Na terceira camada, temos os segmentos onde O Triste Fim de Policarpo Quaresma é reencenado, a indignação de Policarpo (Orã Figueiredo) frequentemente se associando com as do jovem Lima, idealista, furioso com os absurdos das famílias burguesas que acompanha e as segregações sociais e raciais contidas na sociedade que vive e retrata em sua obra. Os segmentos onde O Triste Fim é encenado, curiosamente, são os que menos se assemelham ao teatro, com suas tomadas externas e iluminações menos expressionistas. Eles se assemelham mais a uma telenovela de época, e o diretor Luiz Antônio Pilar possui experiência no gênero por trabalhos como Xica da Silva (1996), Mandacaru (1997) e Sinhá Moça (2006). Pilar pretende estabelecer três narrativas separadas que dialogam entre si (às vezes, literalmente), com objetivo de navegar na psique de Lima enquanto ele se adentra cada vez mais em sua loucura, até que as três cheguem ao ponto direto de convergência. O problema é que essa proposta só fica clara próxima ao final de Lima Barreto ao Terceiro Dia. Na maior parte da projeção, temos um equilíbrio um tanto capenga dessas três camadas, a de Policarpo sendo a de sensação de falta de propósito. Ainda que Orã Figueiredo esteja sempre estelar e continue a tradição com seu Policarpo, extraindo humor do drama na medida certa, sua performance se encontra a mercê de uma abordagem um tanto quanto protocolar, como se estivéssemos vendo justamente uma minissérie de O Triste Fim que foi condensada num longa metragem, seus segmentos incluídos sem que dialoguem de forma contundente com o resto.
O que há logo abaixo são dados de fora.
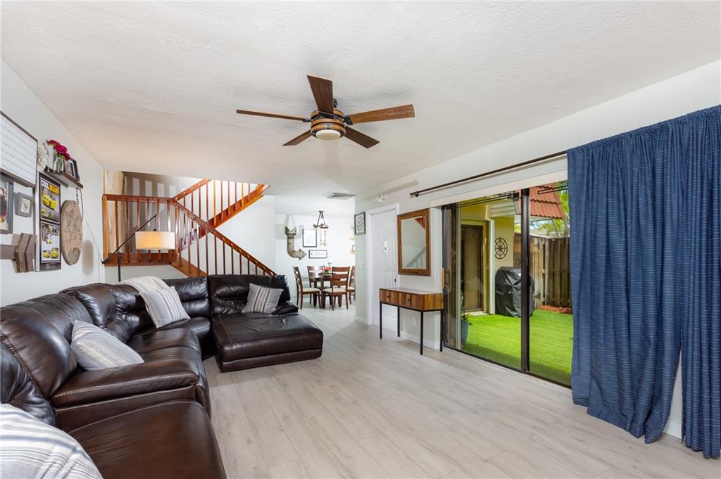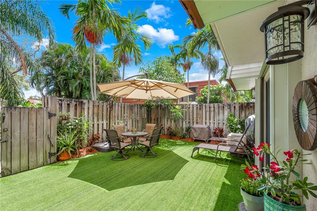 Bring your toothbrush and you are set to move into this tastefully appointed 2 bed 2.5 bath townhouse in the Waterford Courtyards in Plantation. This unit has been impeccably maintained and partially updated and features beautiful new laminate flooring on the ground floor, carpeted stairs and bedrooms on the second floor. Beautiful courtyard with an easy to maintain and very comfortable artificial lawn covering. Accordion shutters for all windows and doors and a NEW ROOF in 2020 HOA includes Building Exterior, Fence, Pool, Basic Cable, and all common grounds. Great location in central Plantation, close to shopping, major highways, Central Park and a variety of dining options.
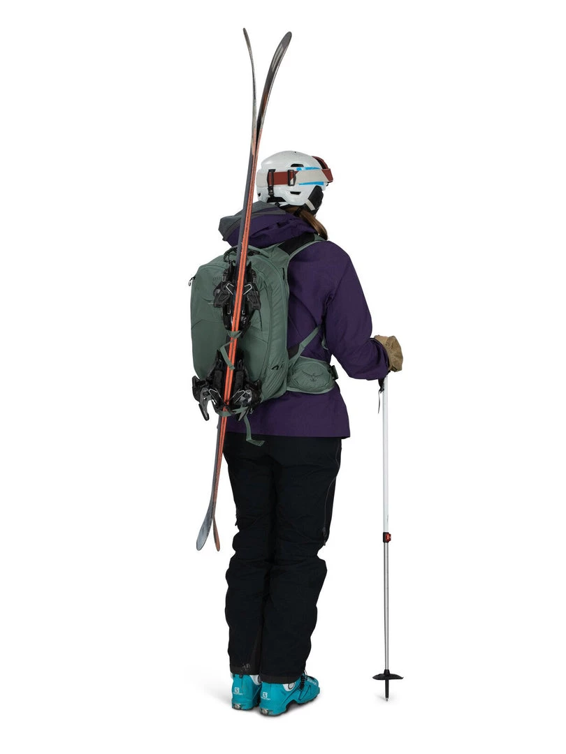 - Avalanche safety kit storage with shovel handle and probe sleeves

Mas o problema não reside no aspecto de telenovela. É sempre interessante ver um diretor especializado em uma de nossas maiores tradições culturais e artísticas trazer algumas dessas características ao cinema a nível de exploração. A relação do estilo deste segmento com os outros dois é um dos elementos de maior potencial da obra a nível conceitual, na relação do romance que se torna “real” enquanto o mundo de fora é teatralizado. Entretanto, tem-se justamente isso: um potencial interessante que não é aproveitado ou consumado para se tornar, de fato, tema.

No clímax final, quando as três narrativas colidem, sentimos de verdade esse potencial desperdiçado. Miranda e Orã finalmente brilham com seus monólogos dramáticos e a falta de coesão ou clareza temática até então presentes dá lugar ao entendimento da proposta, mas é uma pena que até esse clímax chegar presenciemos uma produção que carece de um melhor entendimento de como as partes do resto de seu corpo se encaixam.